PDF loaded successfully: scammer-agent.pdf


### Split text into chunks

In [3]:
# Split text into chunks
text_splitter = RecursiveCharacterTextSplitter(chunk_size=1000, chunk_overlap=200)
chunks = text_splitter.split_documents(data)
print(f"Text split into {len(chunks)} chunks")

Text split into 23 chunks


### Create vector database

In [4]:
# Create vector database
vector_db = Chroma.from_documents(
    documents=chunks,
    embedding=OllamaEmbeddings(model="nomic-embed-text"),
    collection_name="local-rag"
)
print("Vector database created successfully")

Vector database created successfully


### Set up LLM and Retrieval

In [5]:
# Set up LLM and retrieval
local_model = "llama3.2:3b"  # or whichever model you prefer
llm = ChatOllama(model=local_model)

In [6]:
# Query prompt template
QUERY_PROMPT = PromptTemplate(
    input_variables=["question"],
    template="""You are an AI language model assistant. Your task is to generate 2
    different versions of the given user question to retrieve relevant documents from
    a vector database. By generating multiple perspectives on the user question, your
    goal is to help the user overcome some of the limitations of the distance-based
    similarity search.

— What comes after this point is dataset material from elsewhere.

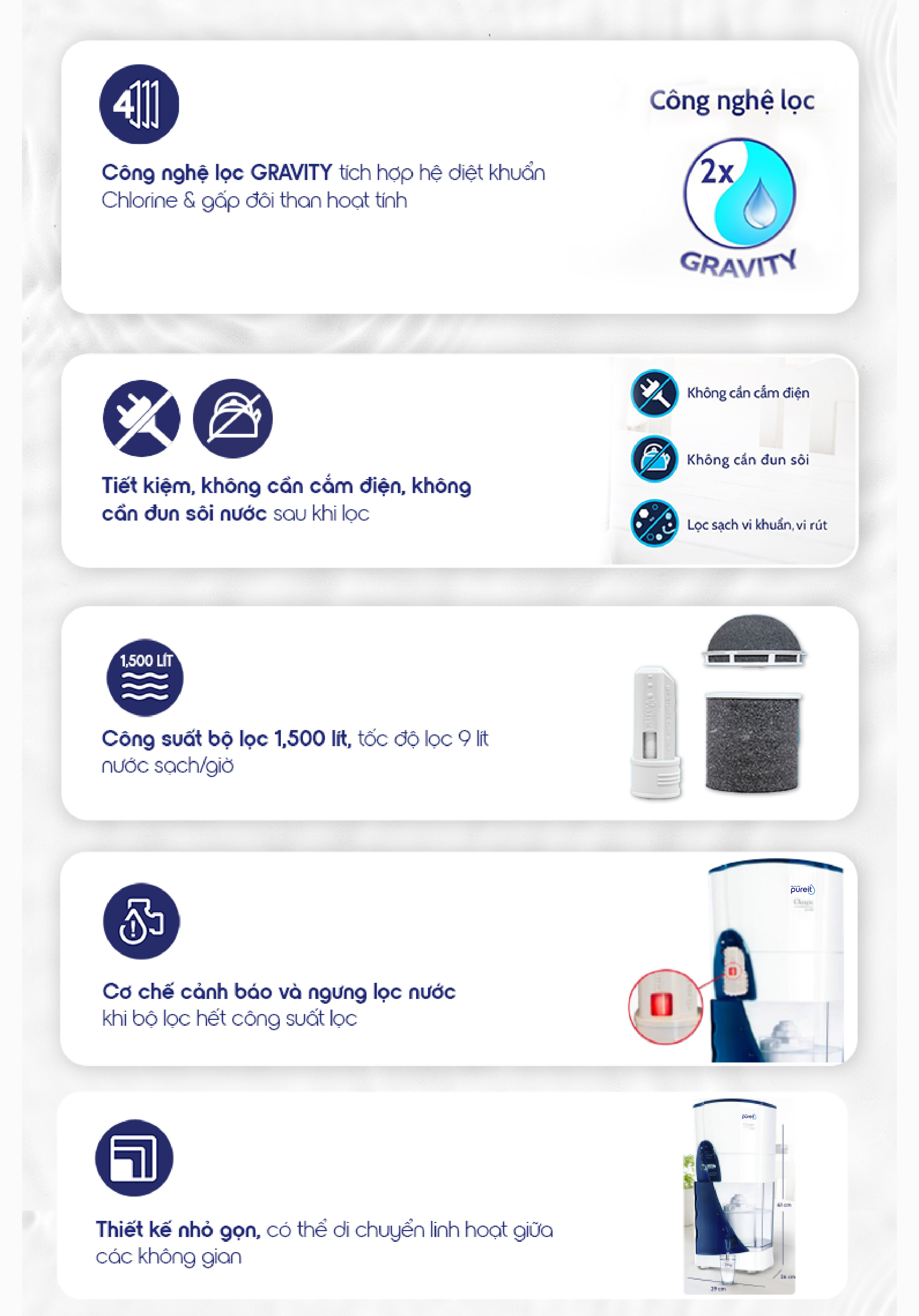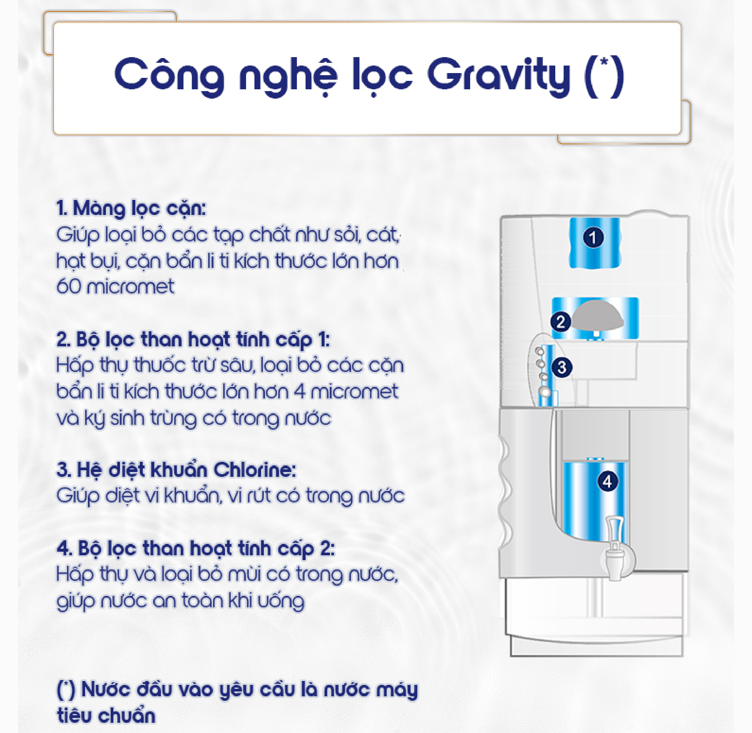 - Công nghệ lọc Gravity tích hợp hệ diệt khuẩn Chlorine và gấp đôi than hoạt tính (*) giúp loại bỏ các tạp chất như sỏi, cát, hạt bụi, cặn bẩn li ti kích thước lớn hơn 4 micromet, đồng thời giúp diệt vi khuẩn, vi rút, ký sinh trùng có trong nước

Provide these alternative questions separated by newlines.
    Original question: {question}""",
)

# Set up retriever
retriever = MultiQueryRetriever.from_llm(
    vector_db.as_retriever(), 
    llm,
    prompt=QUERY_PROMPT
)

### Create chain

In [7]:
# RAG prompt template
template = """Answer the question based ONLY on the following context:
{context}
Question: {question}
"""

prompt = ChatPromptTemplate.from_template(template)

In [8]:
# Create chain
chain = (
    {"context": retriever, "question": RunnablePassthrough()}
    | prompt
    | llm
    | StrOutputParser()
)

### Chat with PDF

In [9]:
def chat_with_pdf(question):
    """
    Chat with the PDF using the RAG chain.
    """
    return display(Markdown(chain.invoke(question)))

In [10]:
# Example 1
chat_with_pdf("What is the main idea of this document?")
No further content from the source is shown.